We did two days protocol stress/rest gated
myocardial perfusion SPECT for each patient
using Tc99m myoview in a dose ranging from
23 to 30 mCi for each study depending on
patient weight. For stress we used
dipyridamole infusion in a dose of 0.56mg/kg
after the radiotracer was injected.
We used a general electrical SPECT scintillation
camera, the patient was supine with arms
raised. The matrix size was 128 x 128 and
the imaging from 45° right anterior oblique,
to 135°left posterior oblique. Butterworth
prefilter and Ramp filter were utilized for
reconstruction and back projection,
respectively using order5, and frequency
0.4.
Visual analyses of the slice images in short axis,
horizontal long axis, and vertical long axis
using five regions were evaluated: anterior,
apical, septal, inferior, and lateral.
Then revision of results of Gated SPECT study were done
using QGS protocol on end diastolic (ED)
images.

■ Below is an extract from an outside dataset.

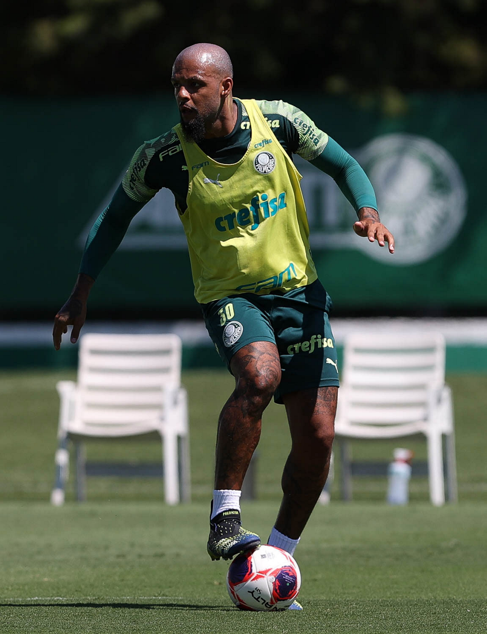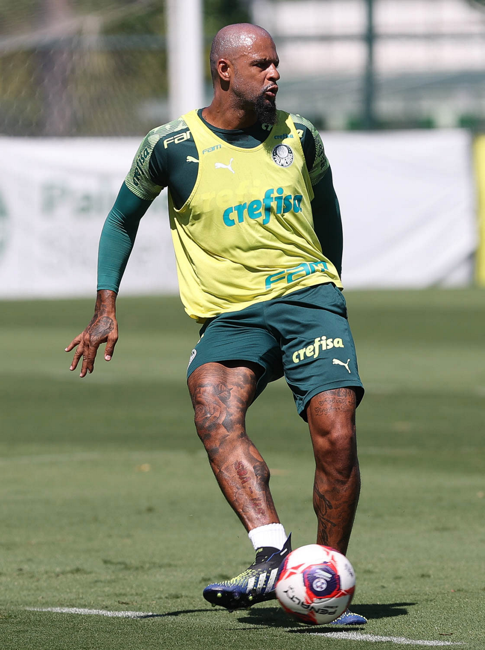 O jogador Felipe Melo, da SE Palmeiras, durante treinamento, na Academia de Futebol. (Foto: Cesar Greco)

Reconstructed gated SPECT short axis
images were displayed on the screen to
determine the end systolic slice, which has
the smallest cavity (often fourth or fifth
frame)and also we looked to end systolic
(ES) images, as well as revision of regional
wall motion and wall thickness for
evaluation of the perfusion defects in the
myocardium.
Results
Stress-rest (nongated) SPECT slices and
end-diastolic and end-systolic gated
SPECT images were evaluated for each
patient.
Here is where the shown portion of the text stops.